Rook didn’t say anything for a moment, Damon’s comment took him off guard, and that led to restrained rage. “I’m on it.”
“You’d better be,” Damon said with a sneer, “or I’m gonna be on you.”
Rook waited for him to say it; he almost hoped Damon would spit it out, that he’d call him a nigger. He’d never done it before, but Rook knew he’d worked with those white power motherfuckers down south, and white guys just loved to act superior by throwing words around. He waited and thought about what he’d do with his drill if he heard one syllable of that word come out of Damon’s ranting mouth, but the word never escaped Damon’s lips. Instead, Damon just stared. He looked like he wanted to say more, but instead he just stomped off into a side room like a toddler throwing a tantrum, yelling that he needed a smoke.
Chapter 20
Sergeants Mark Perez and Nikki Hamill sat in the dimly lit 925 Bar, a cop bar.
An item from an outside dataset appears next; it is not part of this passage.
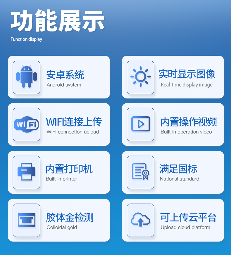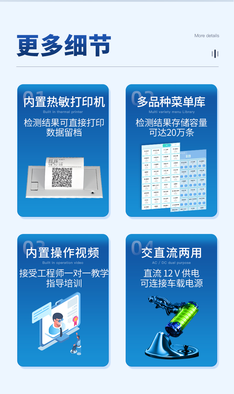 | 儀器采用10.1英寸液晶觸摸屏顯,搭配運行安卓智能操作系統(tǒng),主控芯片采用ARM Cortex-A7,RK3288/4核處理器,主頻1.88Ghz,運轉(zhuǎn)速度更快速,性能更強。 | 儀器功能包括:膠體金檢測模塊、數(shù)字化管理模塊、無線通訊模塊等,可以滿足同一軟件下實現(xiàn)所有檢測項目的檢測,并在同一窗口展示檢測結(jié)果。 | 一體化便攜式快檢設(shè)備,采用交直流兩用供電方式,可連接車載電源,配備6ah大容量充電鋰電池,可以滿足現(xiàn)場及流動檢測使用的需求。儀器尺寸:43×35×20cm, 主機凈重:5.1kg | 系統(tǒng)自帶數(shù)據(jù)集成模塊,設(shè)備首頁自動統(tǒng)計檢測數(shù)據(jù)包含:周檢測數(shù)據(jù)、月檢測數(shù)據(jù),全部檢測總數(shù)量,均包含檢測總數(shù),合格數(shù),不合格數(shù),以及相關(guān)柱形分析圖,對各項檢測數(shù)據(jù)清晰掌握,無需電腦查詢,更加快捷直觀。 | 儀器具有任務(wù)預(yù)設(shè)模塊,可在樣品送檢前提前預(yù)設(shè)樣品名稱、檢測指標(biāo)、送檢單位等信息,樣品送檢時一鍵調(diào)取保存信息,檢測更加方便快捷。 | 膠體金檢測模塊:軌道式自動傳輸掃描方式,可實時顯示金標(biāo)卡實時圖像,系統(tǒng)自動分析并呈現(xiàn)出CT曲線圖,CT線自動識別,無需手動調(diào)整,完成檢測后自動退出檢測卡。 結(jié)果判定線可修改,對照值標(biāo)定值可保存,斷電不丟失數(shù)據(jù)。 兼容市場上其他膠體金卡,使用耗材不受限制,極大增強用戶使用體驗。 | 儀器檢測系統(tǒng)擁有龐大數(shù)據(jù)庫,并且構(gòu)建了完善的檢索、修訂功能。食品庫涵蓋多種樣品名稱,可按需添加或刪除、編輯樣品名稱;產(chǎn)品數(shù)據(jù)庫以及歷史檢測記錄支持一鍵檢索功能。 | 系統(tǒng)打印自定義化,打印格式多樣化,產(chǎn)品合格證(國家標(biāo)準(zhǔn)要求),二維碼,抽樣信息、檢測信息,受檢信息、復(fù)核信息、抽樣日期、檢測日期等信息結(jié)果,可按需求自行設(shè)置打印內(nèi)容。 | A4紙版本報告打印功能(可選配):設(shè)備擁有兩種結(jié)果展示方式,可以自動生成A4打印模板和小票打印模板兩種樣式,可通過WiFi及網(wǎng)線等方式鏈接外置打印機可進行打印 | 儀器具有 wifi 聯(lián)網(wǎng)上傳、RJ45網(wǎng)線連接功能,可以快速上傳數(shù)據(jù)。同步對接監(jiān)管平臺,數(shù)據(jù)可局域網(wǎng)和互聯(lián)網(wǎng)數(shù)據(jù)上傳,檢測結(jié)果直接傳至食品安全監(jiān)管平臺。進行區(qū)域食品安全監(jiān)管及大數(shù)據(jù)分析處理與數(shù)據(jù)統(tǒng)計,檢測區(qū)域食品安全長短期動態(tài),達到食品安全問題預(yù)估、預(yù)警。 | 設(shè)備支持U盤存儲,標(biāo)準(zhǔn)USB接口,免驅(qū)動安裝。檢測結(jié)果存儲容量20萬條以上,可生成Excel表格,進行一鍵拷貝,并具有登錄保護功能,可設(shè)置用戶名及密碼,規(guī)范不同人員操作權(quán)限,防止非工作人員操作,并且可以進行重新校準(zhǔn)、鎖定、恢復(fù)出廠設(shè)置功能。儀器固件可升級,后期檢測項目可擴充。 | 儀器具備遠程升級功能,可定向分客戶分儀器更新,開機后自動更新,并可持續(xù)性免費更新系統(tǒng)版本,無需像傳統(tǒng)產(chǎn)品返廠更新,節(jié)省時間及人力成本并避免了物流運輸返廠升級導(dǎo)致設(shè)備損壞的潛在風(fēng)險。 |

Not only were most of the patrons cops, former cops or veterans, but it was also owned by a retired cop who’d decided to run out his remaining years around his brothers and sisters in blue, helping them drown their sorrows. It was the only bar in town that didn’t employ any bartenders or servers who looked like strippers. It was also probably the least successful bar in town, with no roughneck money to be had. Perez liked it that way. He could relax there, at least some semblance of relaxing.